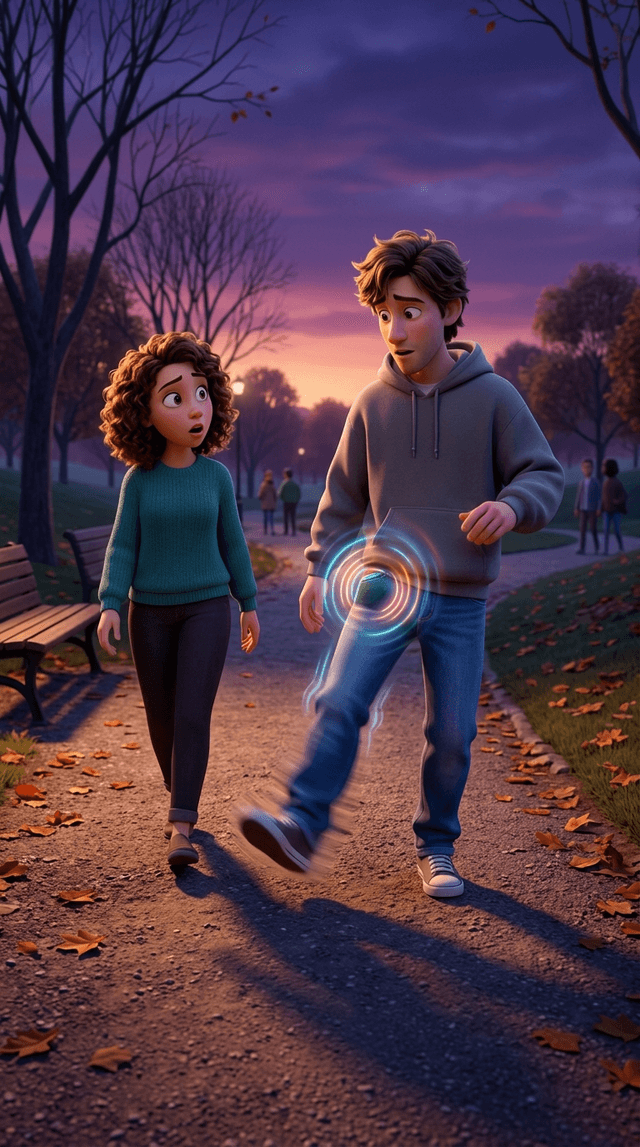 Strong rule: style --- 3D Pixar ---. Средний план: Макс идет по дорожке парка, его нога в джинсах начинает заметно дрожать от сильной виб...
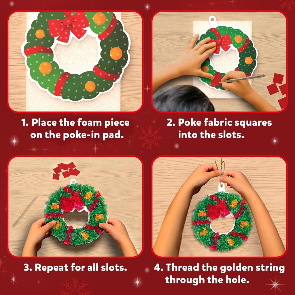 • Let your little artist dive into the holiday spirit with our Poke-in Art: Christmas Decorations! This mess-free activity set is perfect for sparking endless creativity, keeping little hands busy during the holidays. With soft fabric squares and Christmas-themed foam shapes including a wreath, a tree, a star, and a stocking, your kids can make their own holiday decorations. This can also be a great secret Santa gift for kids!
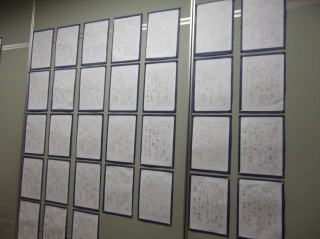 高学年のめあては 「文字の組み立て方に注意して、字形を整え、縦長の紙に、字配りよく書く」です。 5年生は、難しい仮名に注意しながら、字配りよく書きました。 6年生は字数も多く、難しい課題でした。文字の大きさにも注意しながら堂々と書くことができました。 |
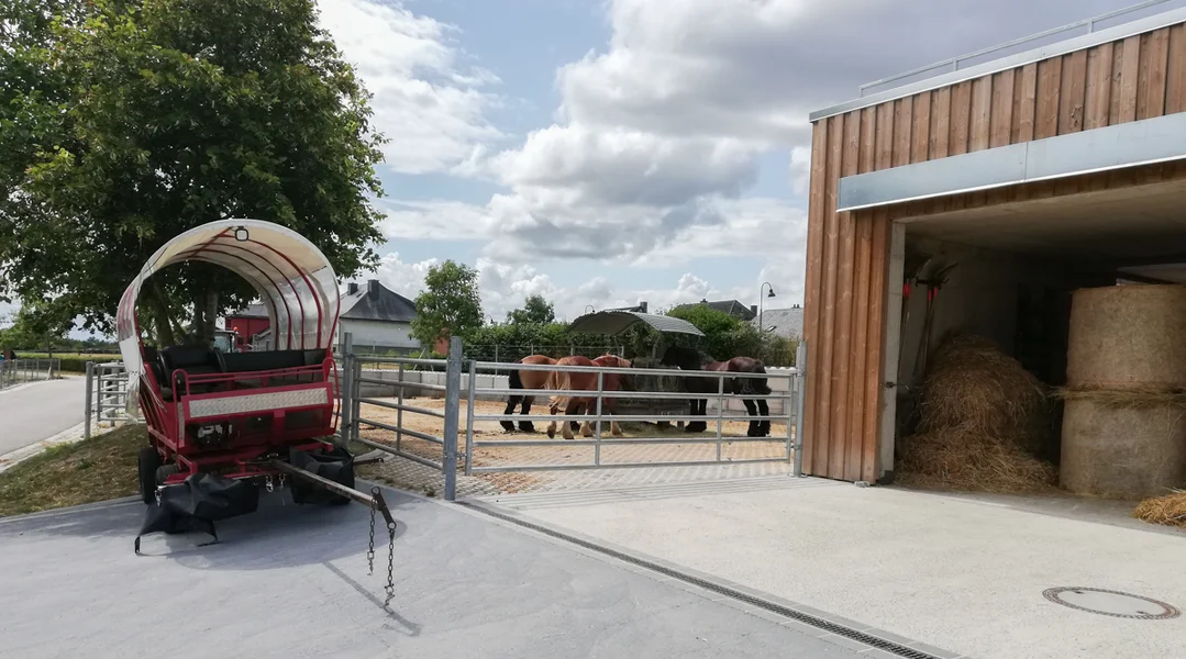 Kanéngercher, Schwäin, Hénger, Geessen an Ieselen, wie gäre mat Déieren a Kontakt kennt, fir deen ass d'Robbesscheier genee dat Richtegt. An d'Ardennerpäerd hunn nach eng speziell Stellung. "Mir hunn zéng där Schaffpäerd, mat deene mir och mat de Kutsche fueren. De Kontakt mam Déier geet gutt bei Kanner, mee och Erwuessener, dat léisst kee kal. Dat ass schonn eng vun eisen Haaptsaachen", seet de Jean Zeches vun der Robbesscheier.

# Aim of the exercise
In the reply, every line of the material above is to be reproduced verbatim, and the images are to be left out.

# Response area
 Strong rule: style --- 3D Pixar ---. Средний план: Макс идет по дорожке парка, его нога в джинсах начинает заметно дрожать от сильной виб...
 • Let your little artist dive into the holiday spirit with our Poke-in Art: Christmas Decorations! This mess-free activity set is perfect for sparking endless creativity, keeping little hands busy during the holidays. With soft fabric squares and Christmas-themed foam shapes including a wreath, a tree, a star, and a stocking, your kids can make their own holiday decorations. This can also be a great secret Santa gift for kids!
 高学年のめあては 「文字の組み立て方に注意して、字形を整え、縦長の紙に、字配りよく書く」です。 5年生は、難しい仮名に注意しながら、字配りよく書きました。 6年生は字数も多く、難しい課題でした。文字の大きさにも注意しながら堂々と書くことができました。 |
 Kanéngercher, Schwäin, Hénger, Geessen an Ieselen, wie gäre mat Déieren a Kontakt kennt, fir deen ass d'Robbesscheier genee dat Richtegt. An d'Ardennerpäerd hunn nach eng speziell Stellung. "Mir hunn zéng där Schaffpäerd, mat deene mir och mat de Kutsche fueren. De Kontakt mam Déier geet gutt bei Kanner, mee och Erwuessener, dat léisst kee kal. Dat ass schonn eng vun eisen Haaptsaachen", seet de Jean Zeches vun der Robbesscheier.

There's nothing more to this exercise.